1. The evidence shows that a girl, who is dedicated as a Basivi, becomes incapable of contracting a marriage, which would be recognized as valid by the laws and customs of her caste; that she is at liberty and is expected to have promiscuous intercourse with men generally, and that she and any children born to her inherit in her father's family only.
2. The dedication thus made effects a change in the circumstances of the minor which was recognized as a 'disposal' within the terms of Section 372, Indian Penal Code, in the Proceedings of this Court, dated 11th April 1881, No. 746, paragraph 13, (Weir's Criminal Rulings, 3rd Ed., p. 215), and the parents of the minor cannot but be aware that the minor will in consequence live a life which is recognized as immoral.
3. I do not think that any analogy can be drawn as suggested by the Sessions Judge between the dedication of a girl as a Basivi and the formal marriage of a girl in Malabar under the Marumakkatayam law.

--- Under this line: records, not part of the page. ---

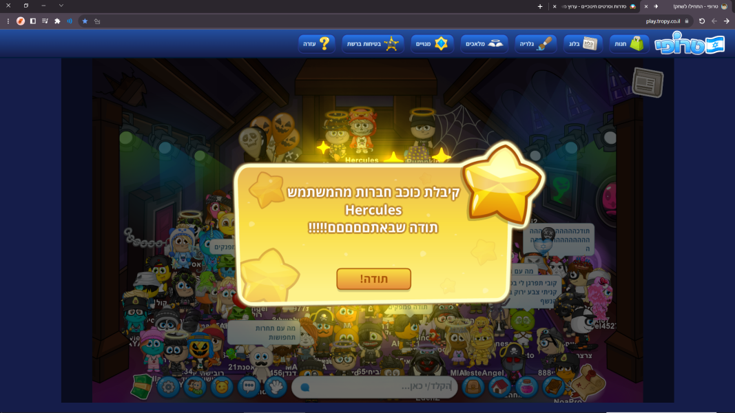 אני רוצה לנצל את ההזדמנות ולומר לכולם שאם פגעתי בכם בדרך כל שהיא בטרופי אני מבקשת סליחה.. לאחרונה אתם באים ואומרים לי שפגעתי בכם ואני לא מבינה מה עשיתי חלק לא רוצים לומר לי ואני מבינה גם למה הכל בסדר יכול להיות שלאחרונה אני קצת עצבנית או מעופפת ולא נעים לפנות אליי או לדבר איתי אבל שתדעו אני באמת לא התכוונתי או אין לי כוונה לפגוע בכם.. התקופה הזאת ממש קשה לי ואולי יצא שהגבתי גם בכעס או בחוסר רצון לענות לכם אבל זה לא נכון להפך אני נהנת ממש לעזור לכם ולהיות איתכם.
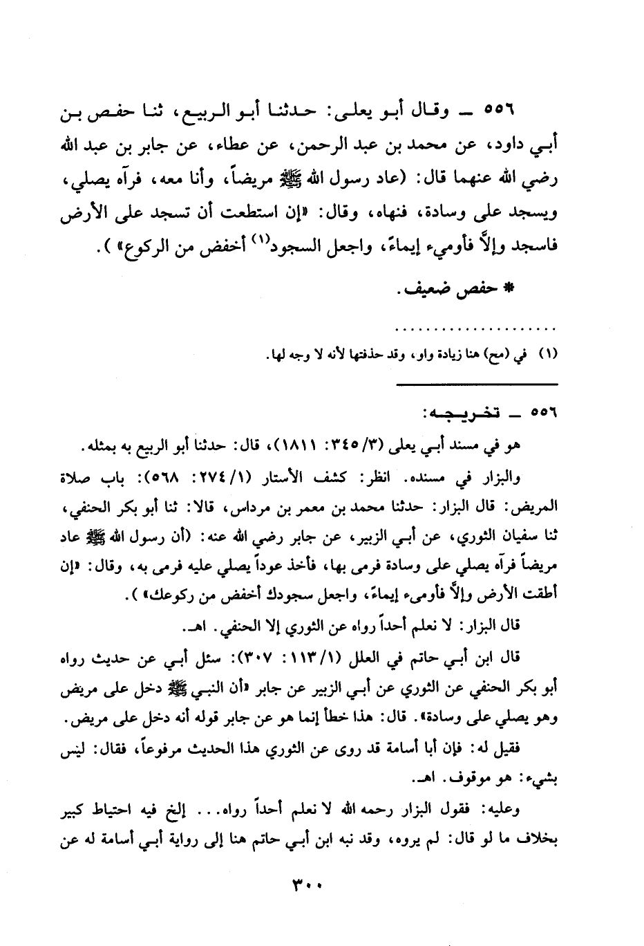 556 - وَقَالَ أَبُو يعلى حدثنا أبو الربيع ثنا حَفْصُ بْنُ أَبِي دَاوُدَ عَنْ مُحَمَّدِ بْنِ عَبْدِ الرَّحْمَنِ عَنْ عَطَاءٍ عَنْ جَابِرِ بْنِ عبد الله رضي الله عنهما قَالَ (عَادَ رَسُولُ اللَّهِ صَلَّى اللَّهُ عَلَيْهِ وَسَلَّمَ مَرِيضًا وَأَنَا مَعَهُ فَرَآهُ يُصَلِّي وَيَسْجُدُ عَلَى وِسَادَةٍ فَنَهَاهُ وَقَالَ " §إِنِ اسْتَطَعْتَ أَنْ تَسْجُدَ عَلَى الْأَرْضِ فَاسْجُدْ وَإِلَّا فأوميء إِيمَاءً وَاجْعَلِ السُّجُودَ أَخْفَضَ مِنَ الرُّكُوعِ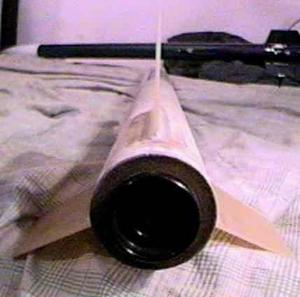 I wanted to build a rocket with the smallest fins I could get away with.....So I came up with this. I used Rocsim, VCP and WRASP to get my optimal size fin. Oddly enough, most of the programs agreed with my rocket. This is a single stage rocket, with an interchangeable MMT. Anything from 54mm down to 24mm motors will push this little guy. It uses a PML 30" chute with the shroud ...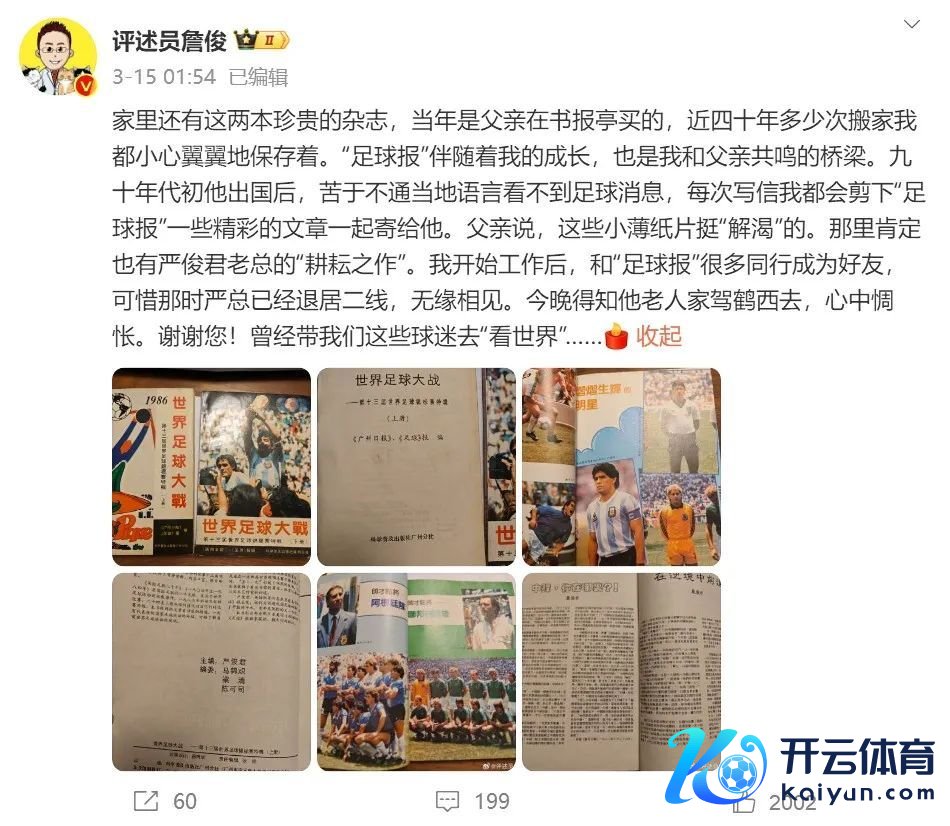 “《足球》报创始东说念主严俊君老总2025年3月14日仙逝,享年86岁。当作该报最早的特约记者之一,在中国作事足球和足球媒体‘起步即巅峰’的那段好意思好时光,我跟严老有过数年报东说念主与作家之间的密切错乱,对这位‘中国足球媒体教父’出打算策的新闻策动功力有着亲自的体会和忠诚的钦佩。《足球》报粗略以数百万份的刊行量和重大的影响力成为其时国内公认的第一足球媒体,严老当记头功。”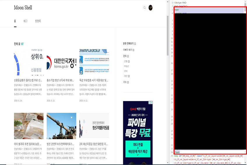 4. 조금 전에 애드센스에서 준 코드를 본인 블로그에 붙여 넣기를 하면 됩니다.

In Malabar there is no legal marriage, and neither a woman nor her offspring can ever pass into the family of a husband, while among Madigas such is not the case, and a girl, by becoming a Basivi becomes incapable ipso facto, of contracting a legal marriage. Nor do I think that the Basivi is the Madiga equivalent of the 'appointed daughter' under Hindu law, since the latter arrangement neither debars from ordinary marriage nor contemplates the possibility of promiscuous intercourse.
4. I would decline to interfere with the conviction.
5. Having read the evidence in the case, I agree that an offence is proved and would decline to interfere.